## DATA FOR THE TASK
..............................
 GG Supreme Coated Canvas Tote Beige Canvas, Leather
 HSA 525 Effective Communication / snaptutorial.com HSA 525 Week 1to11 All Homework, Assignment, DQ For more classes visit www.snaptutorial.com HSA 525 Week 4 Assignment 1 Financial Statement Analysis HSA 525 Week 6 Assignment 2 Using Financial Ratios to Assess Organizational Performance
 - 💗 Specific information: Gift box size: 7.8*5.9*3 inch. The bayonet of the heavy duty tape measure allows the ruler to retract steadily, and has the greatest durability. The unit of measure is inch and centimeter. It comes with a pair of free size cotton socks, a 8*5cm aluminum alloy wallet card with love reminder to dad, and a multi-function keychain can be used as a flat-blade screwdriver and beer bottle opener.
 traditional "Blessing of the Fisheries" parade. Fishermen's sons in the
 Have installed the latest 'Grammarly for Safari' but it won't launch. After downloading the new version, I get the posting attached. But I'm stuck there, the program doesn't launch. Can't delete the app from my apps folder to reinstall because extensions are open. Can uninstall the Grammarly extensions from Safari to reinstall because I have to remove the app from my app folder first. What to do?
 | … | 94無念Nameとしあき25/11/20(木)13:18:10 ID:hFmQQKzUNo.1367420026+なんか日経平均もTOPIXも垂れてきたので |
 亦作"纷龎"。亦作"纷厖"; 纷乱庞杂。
..............................
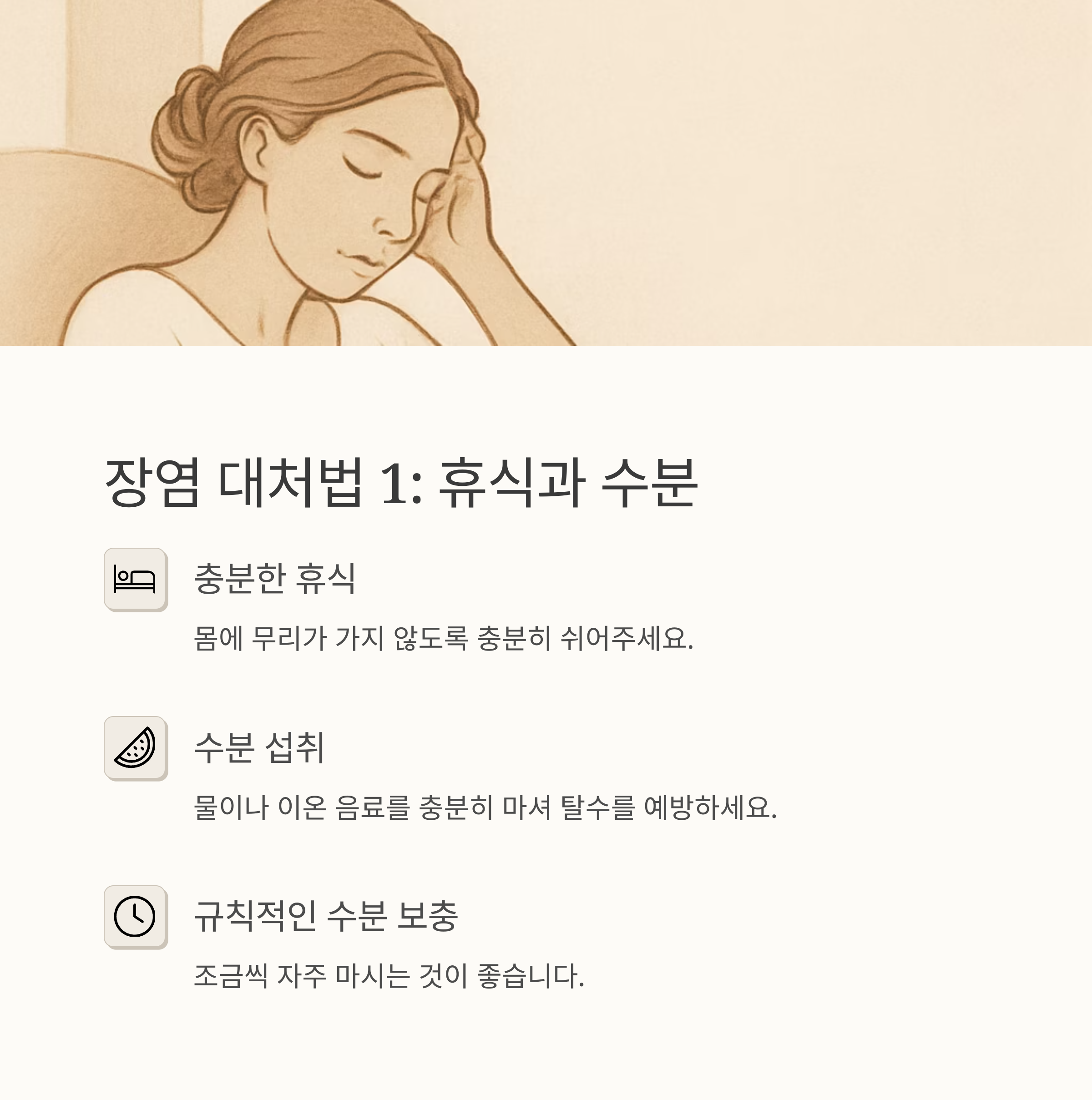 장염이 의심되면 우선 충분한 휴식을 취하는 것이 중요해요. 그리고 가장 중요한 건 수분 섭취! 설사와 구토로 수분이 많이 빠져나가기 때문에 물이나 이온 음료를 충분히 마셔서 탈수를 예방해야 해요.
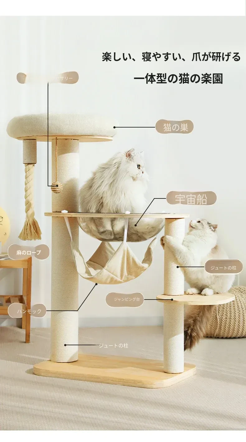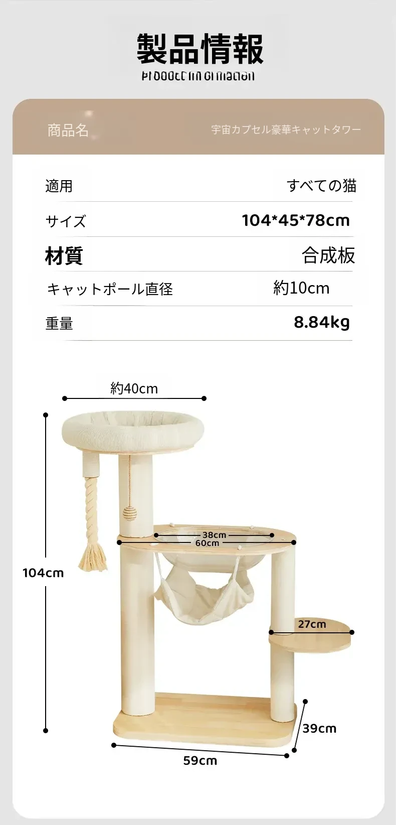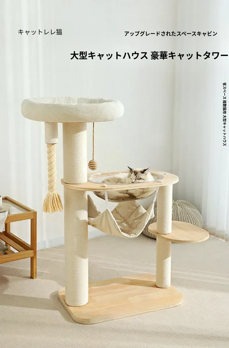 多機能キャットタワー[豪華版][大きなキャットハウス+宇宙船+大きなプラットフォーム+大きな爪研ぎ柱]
..............................
## PROBLEM DETAILS
Reproduce the listing above from the line that holds "장염이 의심되면 우선" through the line that holds "多機能キャットタワー[豪華版", both included, with the pictures left out.

## SOLUTION FOR THIS EXERCISE
 장염이 의심되면 우선 충분한 휴식을 취하는 것이 중요해요. 그리고 가장 중요한 건 수분 섭취! 설사와 구토로 수분이 많이 빠져나가기 때문에 물이나 이온 음료를 충분히 마셔서 탈수를 예방해야 해요.
 多機能キャットタワー[豪華版][大きなキャットハウス+宇宙船+大きなプラットフォーム+大きな爪研ぎ柱]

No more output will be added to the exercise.